* [What the exercise asks]
Repeat only the lines below from the one containing "BAPE最出名的三个元素就是" through the one containing "Title (ebay affiliate", inclusive, exactly as written.

* [Provided material]
· · · ·

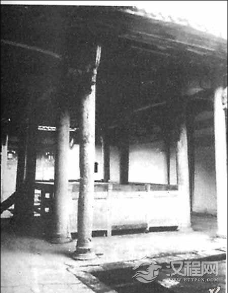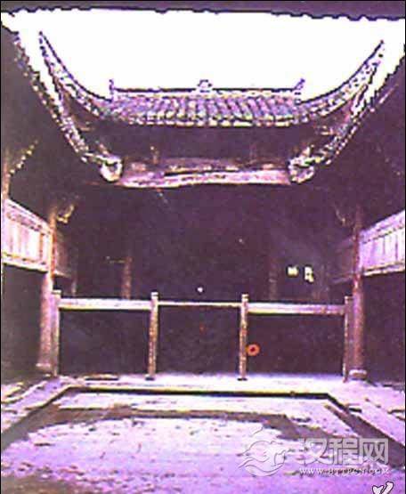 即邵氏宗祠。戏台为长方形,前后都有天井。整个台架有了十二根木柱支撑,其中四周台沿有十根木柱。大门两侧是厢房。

· · · ·

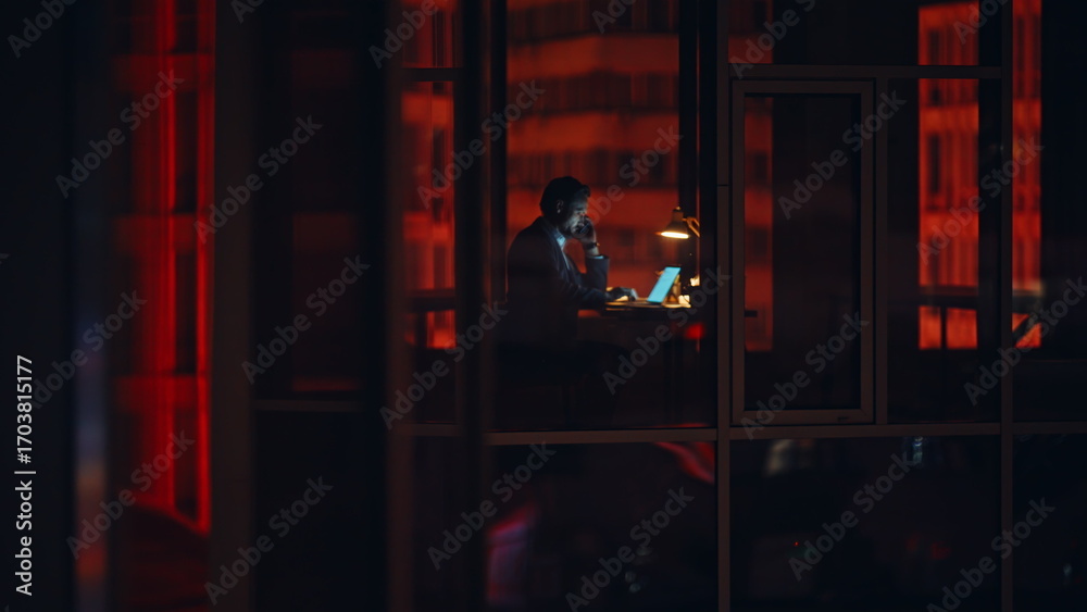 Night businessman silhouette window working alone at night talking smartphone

· · · ·

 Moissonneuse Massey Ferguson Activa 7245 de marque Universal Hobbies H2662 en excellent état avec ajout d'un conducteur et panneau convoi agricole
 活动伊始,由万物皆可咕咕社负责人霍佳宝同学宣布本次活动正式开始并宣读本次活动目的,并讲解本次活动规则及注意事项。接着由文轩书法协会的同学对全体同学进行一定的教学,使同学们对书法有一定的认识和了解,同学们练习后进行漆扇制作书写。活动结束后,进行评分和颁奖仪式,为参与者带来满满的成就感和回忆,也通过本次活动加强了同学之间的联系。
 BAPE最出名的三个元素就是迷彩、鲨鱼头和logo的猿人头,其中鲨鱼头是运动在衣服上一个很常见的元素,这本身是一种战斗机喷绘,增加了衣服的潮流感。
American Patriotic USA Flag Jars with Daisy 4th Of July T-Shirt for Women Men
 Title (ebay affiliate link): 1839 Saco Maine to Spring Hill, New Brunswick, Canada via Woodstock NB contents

· · · ·

* [Solution to the problem]
 BAPE最出名的三个元素就是迷彩、鲨鱼头和logo的猿人头,其中鲨鱼头是运动在衣服上一个很常见的元素,这本身是一种战斗机喷绘,增加了衣服的潮流感。
American Patriotic USA Flag Jars with Daisy 4th Of July T-Shirt for Women Men
 Title (ebay affiliate link): 1839 Saco Maine to Spring Hill, New Brunswick, Canada via Woodstock NB contents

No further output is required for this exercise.